Science and the Soul
By Mary-Margaret Zindren, EVP/Executive Vice President
What does the architecture community uniquely bring to leadership on climate change? More than expertise on design solutions, more than a command of the data related to greenhouse gas emissions from building processes and materials.
You bring imagination. And inspiration. And poetry.
Architecture is the bridge between science and the soul. I was recently reminded of this when re-reading this 2017 article from The Atlantic. The title/subtitle is long: “Walden wasn’t Thoreau’s Masterpiece—In his 2-million word journal, the transcendentalist discovered how to balance poetic wonder and scientific rigor as he explored the natural world.” The article is long, too, but worth the time.
The author brings attention to the context of Henry David Thoreau’s journals. “Especially pertinent two centuries after his birth, in an era haunted by inaction on climate change, he worried over a problem that felt personal but was also spiritual and political: how to be a rigorous scientist and a poet, imaginatively connected to the vast web of natural life.”

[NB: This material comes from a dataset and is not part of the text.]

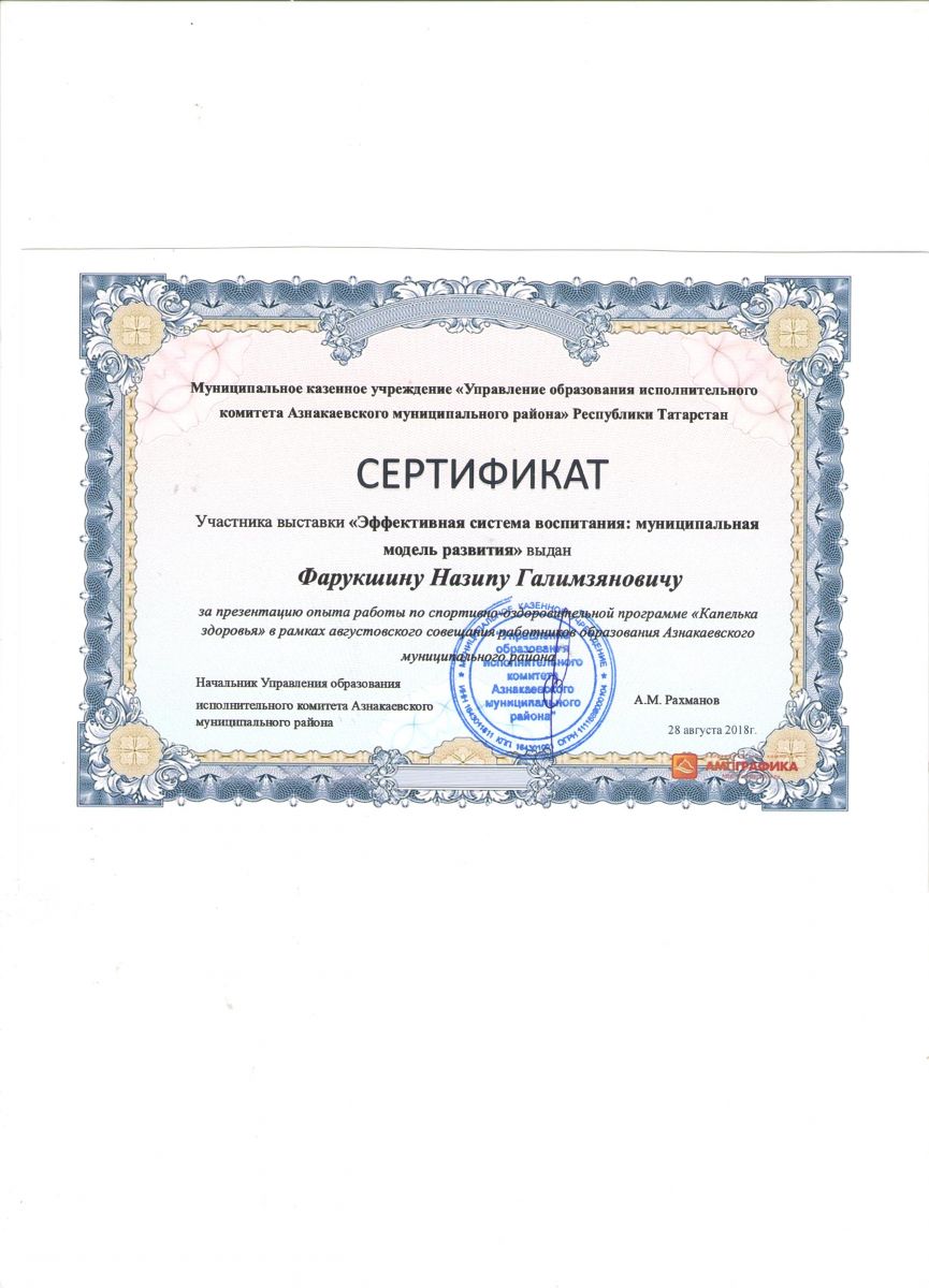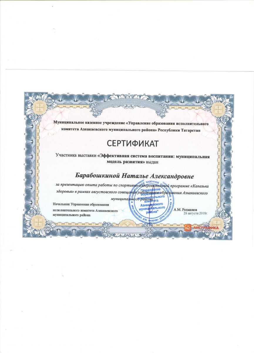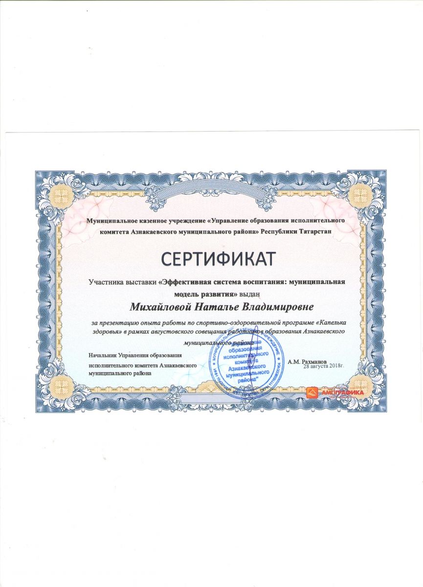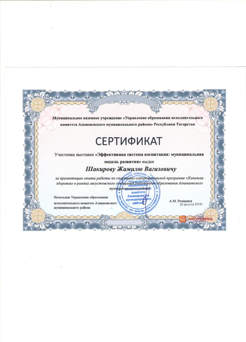 Благодарность за поддержку образовательного проекта, 2018г., Бахтиева А.И.

Thoreau asked, in a response to a series of natural-history reports published by the state of Massachusetts, “How could such dry summaries hold any interest for the general reader? Where…was the joy of nature?” As the author puts it, “For Thoreau, a sense of wonder–of awe toward, but also oneness with, nature–was essential. We will, he understood, protect only what we love.”
If we’re going to get people to think and act differently when it comes to climate change–through our advocacy efforts, our magazine and digital content, and pop-up Center for Architecture exhibits and events–our efforts will need to invoke the curiosity and wonder that moves people in a way that pure factual argument never will.